Croatian director Juraj Lerotic’s debut “Safe Place” wins in Sarajevo

Croatian writer-director Juraj Lerotić’s “Safe Place,” an emotional tale of a family reeling after attempting suicide, won the top prize at the Sarajevo Film Festival, which closed a record-breaking 2022 edition in the Bosnian capital on Friday night.

The Heart of Sarajevo Award for Best Feature Film was presented by a jury chaired by Austrian filmmaker Sebastian Meise (“The Great Freedom”), French filmmaker Lucile Hadžihalilović (“catchy tune”), Croatian author and director Antoneta Alamat Kusijanović (“Murina”), Serbian actor Milan Marić (“Dovlatov”) and Israeli producer and consultant Katriel Schory.

Safe Place alludes to Lerotić’s own painful family history, with the Croatian multihyphenate taking the lead in his deeply personal story – a feat that also earned him the Best Actor award in Sarajevo.

Fresh from a triumphant world premiere in Locarno, where the film won three awards including Best First Feature, ‘Safe Place’ was described by diversity‘s Guy Lodge as “a highly balanced and moving first feature film” and a “staggering” debut, “with a long line of further festival bookings certainly ahead of us”.

Ukrainian director Maryina Er Gorbach won Best Director for Klondike, which portrays the brutal realities of war in Ukraine’s Donbass region through the lens of a pregnant farm owner whose life and home are falling apart. The film was described by Lodge as an “uncompromising, formally remarkable” feature after he awarded Er Gorbach Best Director at the World Cinema Dramatic Competition at Sundance.

Luxembourg native Vicky Krieps has been awarded Best Actress to continue her triumphant streak as the star of Marie Kreutzer’s “Corsage,” in which her portrayal of Empress Elisabeth of Austria, who is touring Europe to escape life at court, gave her the The Un Certain Regard section of the Cannes Film Festival won the Best Performance of the Year award.

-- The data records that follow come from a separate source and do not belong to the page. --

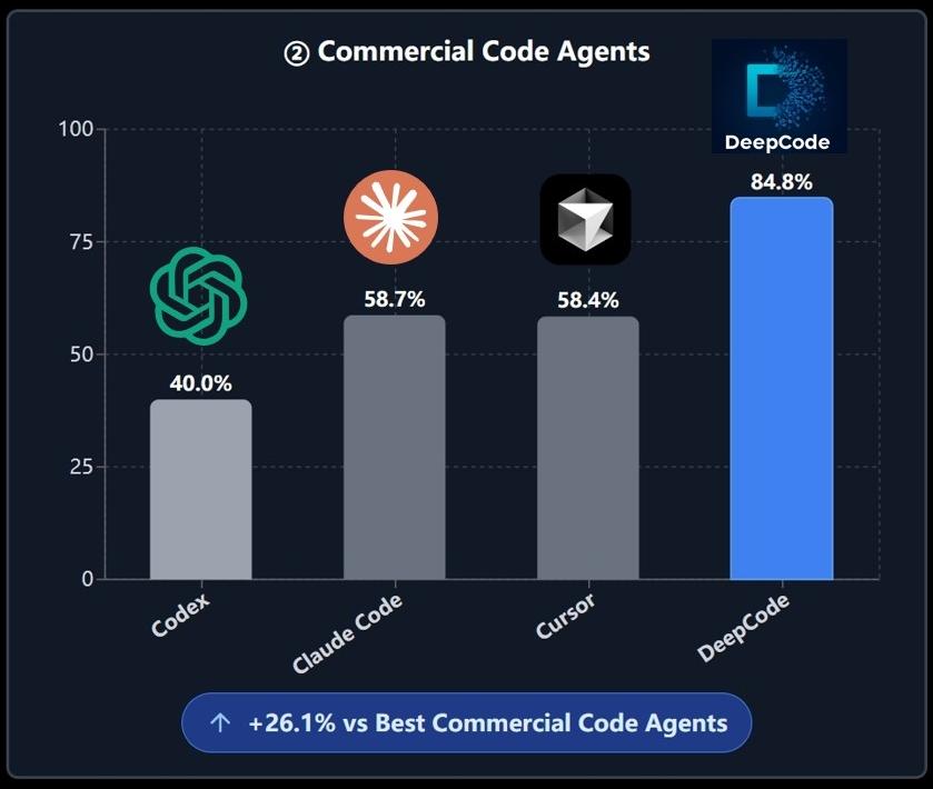 DeepCode得分84.8% ,领先Claude Code(58.7%)约26.1个百分点。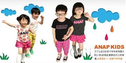 除了衣服質(zhì)感舒適,ANAP KIDS以款式流行、設(shè)計CUTE的市場定位也贏得 不少青睞者的追捧。更有小物件、配飾等多類商品,滿足了喜歡時尚、裝扮的母親們想讓自己孩子穿得和其他人與眾不同衣服的需求。繼承了ANAP傳統(tǒng)的ANAP KIDS是一個非常“奔放”、“充滿活力”的品牌,致力于協(xié)助父母給予最可愛的他(她)最安全、最舒適的呵護(hù),將潮流、關(guān)愛、成長的生活觀念傳遞到每個家庭,讓所有3-6歲兒童共享同一份快樂。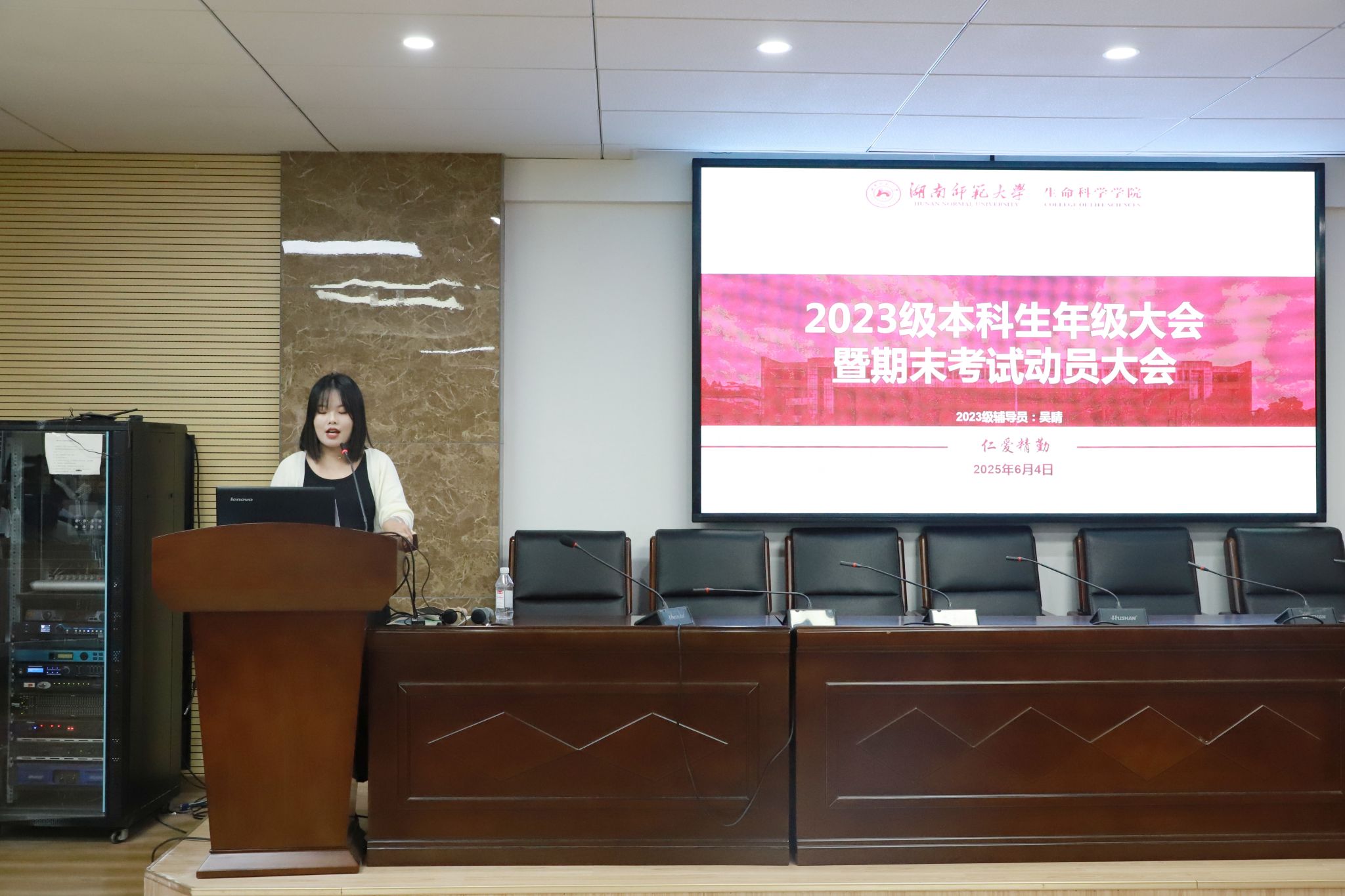 (通讯员 唐雨楠 蒋梦瑶)6月4日下午,伟德国际victor1946于三号楼B307学术报告厅召开2023级本科生年级大会暨期末考试动员大会。2023级辅导员吴晴担任本次会议主讲人。2023级全体本科生参加此次会议。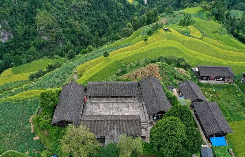↑9月1日拍摄的贵州省黔东南苗族侗族自治州丹寨县排调镇党干村教学点(无人机照片)。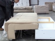 ควรคำนึงถึงความต้องการบรรจุภัณฑ์ของแต่ละส่วนแยกต่างหาก ครีบและมุมแข็งจะต้องวางด้วยกระดาษแข็งและห่อพื้นผิวที่อ่อนนุ่มด้วยกระดาษฟอยล์ แต่ละชั้นได้รับการแก้ไขด้วยเทปรัดจะถูกวางไว้ในภาชนะที่เตรียมไว้เป็นพิเศษซึ่งจะต้องปิดให้สนิท สิ่งนี้จะช่วยในการประกอบโซฟาอย่างรวดเร็วเนื่องจากทุกสิ่งที่คุณต้องการจะอยู่ในมือ หากคุณทำตามขั้นตอนทั้งหมดอย่างถูกต้องโซฟาจะไม่กลัวสิ่งสกปรกและความชื้น เขาทนอย่างใจเย็นไม่ให้อิทธิพลภายนอกที่แม่นยำเกินไป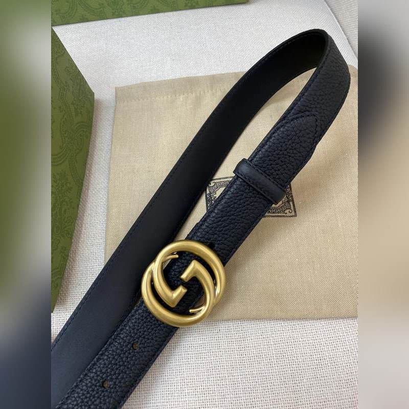 Gucci klassinen musta Togo-litsikuvio, vuorattu ensimmäisen kerroksen vasikannahalla mustalla pohjalla, retro-pyöreä G-solki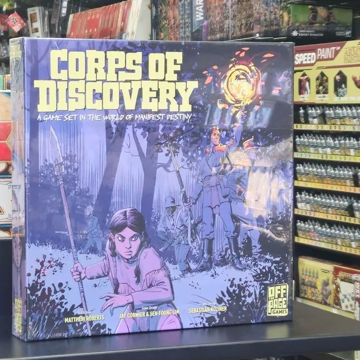 Corps of Discovery: A Game Set in the World of Manifest Destiny is a co-operative deduction game in which players each take the role of one of the crew on the expedition and set out to explore the land. The game board allows for different maps to be inserted into it, so you have many adventures ahead of you.

The ceremony at Sarajevo’s National Theater took place under overcast skies that threatened to turn the festival’s closing night and world premiere of Pjer Žalica’s “Labour Day” into a flop at open-air cinemas across the city. But unlike a rain marred opening night that forced audiences in Ruben Ostlund’s Triangle of Audience to seek cover and festival organizers to switch to an indoor venue, the storm clouds lingered.

It was a fitting farewell to the 28th edition of Sarajevo, which has returned to form after two slimmed-down pandemic events this year and averted major crises, although winner of the Honorary Heart of Sajarevo award, Paul Schrader, made a last-minute deal with the USA was dropped from the program Author and director are leaving due to illness.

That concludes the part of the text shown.